Interested in more stories like this? Follow me on Twitter at @b_dmarius and I'll post there every new article.

Article overview:

  • What is Clustering
  • Supervised and Unsupervised Machine Learning - What is Unsupervised Machine Learning
  • Clustering applications
  • K-Means Clustering explained
  • K-Means Clustering Algorithm
  • K-Means Clustering Implementation using Scikit-Learn and Python

What is Clustering

Clustering is the task of grouping data into two or more groups based on the properties of the data, and more exactly based on certain patterns which are more or less obvious in the data. The goal is to find those patterns in the data that help us be sure that, given a certain item in our dataset, we will be able to correctly place the item in a correct group, so that it is similar to other items in that group, but different from items in other groups.

That means the clustering actually consists of two parts: one is to identify the groups and the other one is to try as much as possible to place every item in the correct group.

The ideal result for a clustering algorithm is that two items in the same group are as similar to each other, while two items from different groups are as different as possible.

Cluster example
Cluster example - Source: Wikipedia

A real-world example would be customer segmentation. As a business selling various type of products/services, it would be very difficult to find the perfect business strategy for each and every customer. But we can be smart about it and try to group our customers into a few subgroups, understand what those customers all have in common and adapt our business strategy for every group. Coming up with the wrong business strategy to a customer would mean perhaps losing that customer, so it's important that we've achieved a good clustering of our market.

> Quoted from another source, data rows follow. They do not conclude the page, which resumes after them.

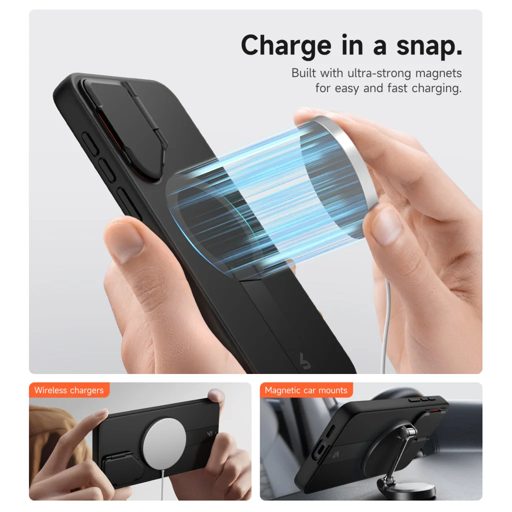 Az ultraerős mágnesekkel felszerelt tok pillanatok alatt lehetővé teszi a MagSafe vezeték nélküli töltést, biztosítva a könnyű és gyors energiaellátást. Ezenfelül, tökéletesen kompatibilis a vezeték nélküli töltőkkel és a mágneses autós tartókkal a maximális kényelem érdekében.
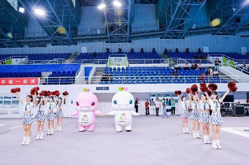比赛间歇期间,现场还有“神秘嘉宾”大驾光临——吉祥物“喜洋洋”和“乐融融”萌翻全场,在现场展开一场比舞PK,它们时而转圈,时而摇摆,认真“营业”,仿佛在用舞蹈诉说着对比赛的热情和对观众的喜爱。
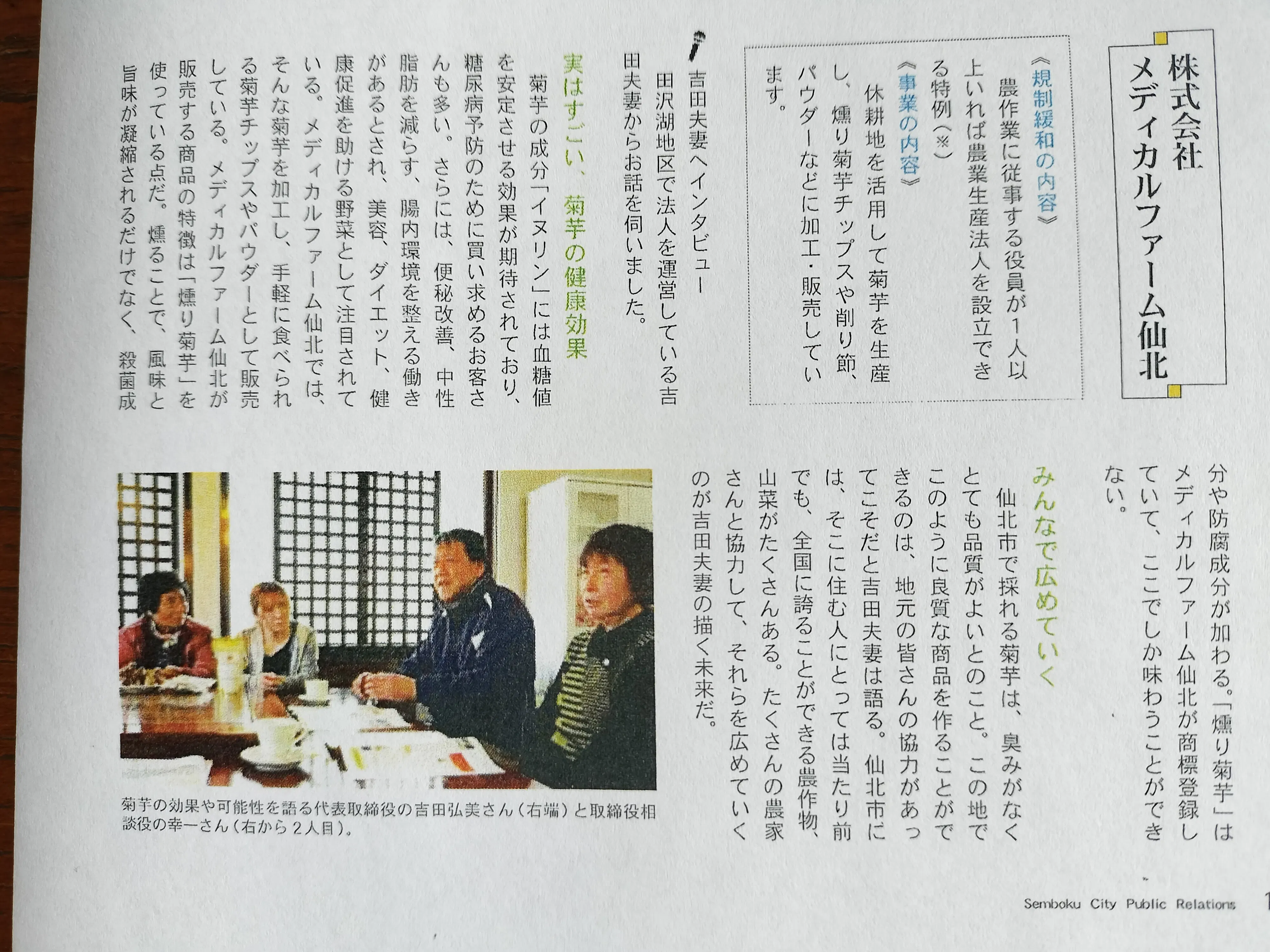 仙北市田沢湖の農業生産法人「メディカルファーム仙北」の吉田弘美(上の写真右端)です。

Supervised and Unsupervised Machine Learning - What is Unsupervised Machine Learning

Unsupervised Machine Learning is a type of Machine Learning Algorithm that tries to infer patterns in the data without any prior knowledge. The opposite is Supervised Machine Learning, where we have a training set and the algorithm will try to find the patterns in the data by matching inputs to predefined outputs.

The reason I am writing about this is because clustering an Unsupervised Machine Learning Task. When applying a clustering algorithm, we don't know the categories a priori(although we can set the number of categories that we want to be identified).

The categories will emerge from the algorithm analyzing the data. Because of that, we may call clustering an exploratory machine learning task, because we only know the number of categories, but not their properties. Then we can try playing around with different numbers of categories and see if our data is better clustered or not.

And then we have to understand our clusters, which may actually be the most different task. Let's reuse the example with customer segmentation. Let's say we have run a clustering algorithm and we get our customers clustered into 3 groups. But what are those groups? Why has the algorithm decided that these customers fit into this group, and those customers fit into that group? This is the part where you need very skilled data scientists along with people who understand your business very well. They will look at the data, try to analyze a few items in each category and try to guess a few criteria. Then they will extrapolate from there once they find a valid pattern.

What happens when we get a new customer? We have to put this customer into one of the clusters we already have, so we can run the data about this customer through our algorithm and the algorithm will fit our customer into one of our clusters. Also, in the future, after we acquire a large number of new customers, we might need to rebuild our clusters – maybe new clusters will appear or old clusters will disappear.

Clustering applications

What are some common clustering applications? Before we fall in love with clustering algorithms, we need to understand when we can use them and when not.

The most common use case is the one we've already discussed: customer/market segmentation. Companies run these types of analysis all the time so they can understand their customers and markets and tailor their business strategies, services and products for a better fit.

Another common use case is represented by information extraction tasks. In information extraction tasks we often need to find relations between entities, words, documents and so on. Now, if your intuition tells you we have a higher chance of finding relations between items which are more similar to each other, then you're right, because clustering our data points might help us figure out where to look for relations. (Note: if you want to read more about information extraction, you can also try this article: Python NLP Tutorial: Information Extraction and Knowledge Graphs).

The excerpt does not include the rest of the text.